Anti-racist myth scotched

九月 20, 1996

Damage inflicted on Italy's universities by a cynical scramble for academic jobs vacated by Jewish academics, expelled under Mussolini's "Race Laws" in 1938, is still evident today, according to recent research In L'Universita dalle Leggi Razziali alla Resistenza, published by the Padua University press, historians Roberto Finzi and Angelo Ventura suggest that while many Italian academics theoretically disapproved of the laws that barred "non-Aryans" from university posts, in practice only one refused to take their job. There was neither individual nor group protests.

The historians, who teach at Trieste and Padua respectively, drew on archives in the universities of Bologna and Padua. They traced appointments and careers from before 1938 to the end of the second world war. They calculate that about 300 Jewish academics were sacked from permanent posts, while many more in non-permanent jobs simply did not have their contracts renewed. "Hundreds or thousands of potentially brilliant young graduates, who would have shaped the universities that we have in Italy today, were prevented from even beginning a university career," adds Dr Ventura, The 1938 "race laws" excluded "non-Aryans" from jobs in public administration, schools and the armed forces. They also barred them from practising as doctors, lawyers, accountants, engineers, architects, and having commercial and business licences.

The laws also ordered the expulsion of "non-Aryan" children from state schools and forbade "non-Aryans" from having "Aryan" servants. After the war it became the accepted truth that fascism was an evil imposed by force by a dictatorial regime on an unwilling population, and that the introduction of the "race laws" provoked widespread opposition to the regime. Italy's universities were held to have been outraged, indignant and horrified at the purge of Jewish academics.

The book effectively demolishes that myth as a postwar effort to whitewash any guilt still clinging to the academic establishment of the new, democratic Italy.

Dr Finzi underlines that the exiled academics who tried to return to their careers in Italy after the war did not get their posts back. Only a few had the offer of very minor jobs. "Most decided to remain abroad and continue their research there. Italy's universities thus lost people who would have had an important role in postwar renewal. At the same time, those non-Jewish academics who had taken advantage of the 1938 purges continued happily in their careers.

"Nothing leads us to believe that the 'race laws' dug a ditch of moral indignation. From nowhere was the voice of an offended conscience raised. Even those who had the authority and social standing to speak out without risk chose to keep silent," Dr Ventura said.

Not only did willing candidates rush to compete for the posts vacated by Jewish colleagues, but new posts were opened up in the new "racial disciplines", which dealt with such scientifically sound matters as proving the superiority of certain races over others and the means for defending the superior races from adulteration by the inferior ones.

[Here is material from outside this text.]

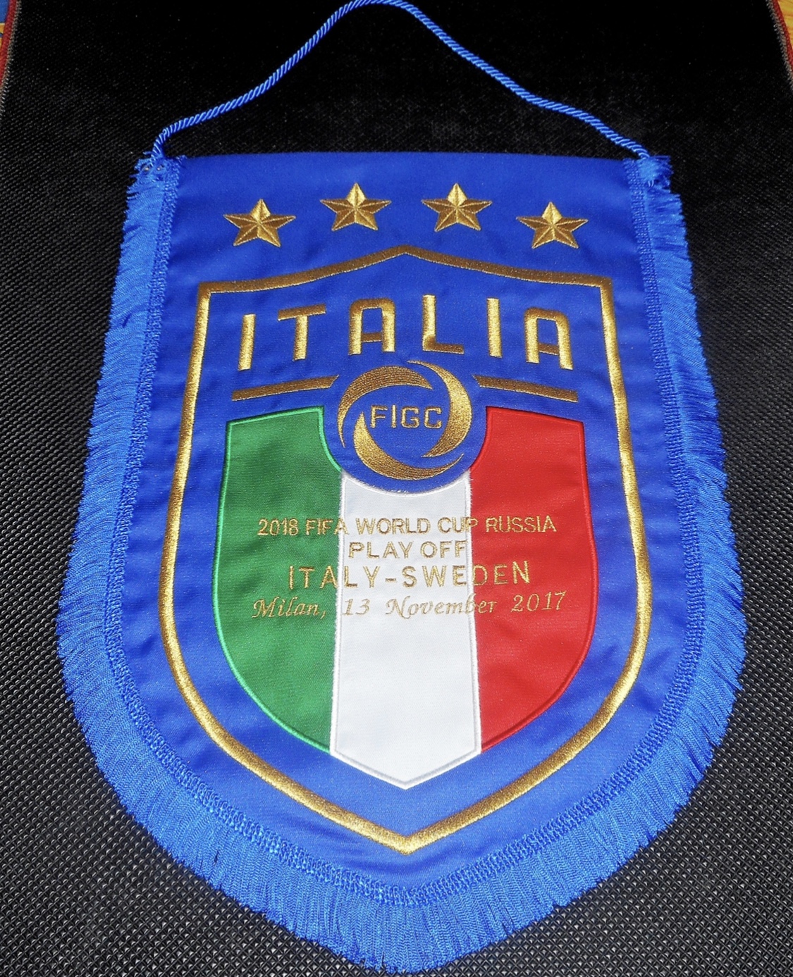 I due gagliardetti richiamano la sfida e quello della partita contro la Svezia che ci estromise dai mondiali di Russia sia da monito affinché gli azzurri non inciampino per la seconda volta…
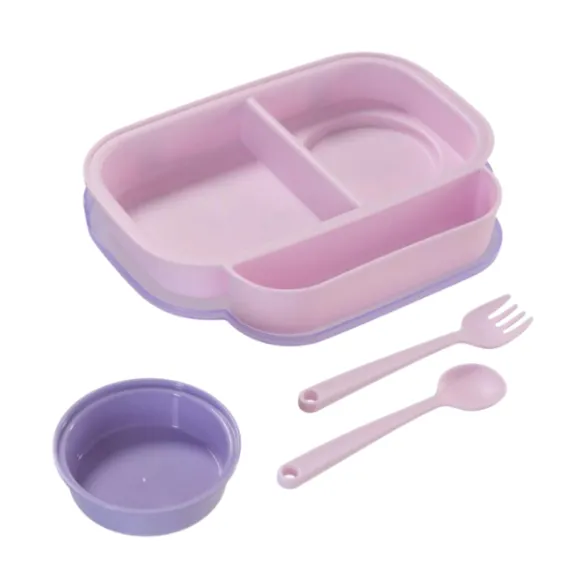 Caserolă compartimentată 3 în 1 cu linguriță, furculiță și capac, mov

There is no record that the university system had the slightest difficulty in filling these new posts.

The authors say that the purge of Jews decimated academics in fields in which Italy had been particularly strong, such as mathematics and physics. One example was Enrico Fermi, who in 1938 won the Nobel Prize for physics. He was not Jewish, but was married to a Jew, and in 1938 left Italy for the United States, where he worked on the A-bomb.

The "race laws" also deprived Italy of the leaders of what was then known as "The Italian School" in mathematics, such as Volterra, Enriques, Castelnuovo and Fubini. As evidence of the long-term effects on Italian academia, the authors point out that in 1938 some 7 per cent of academics were Jewish while in 1965 the figure was only 2 per cent.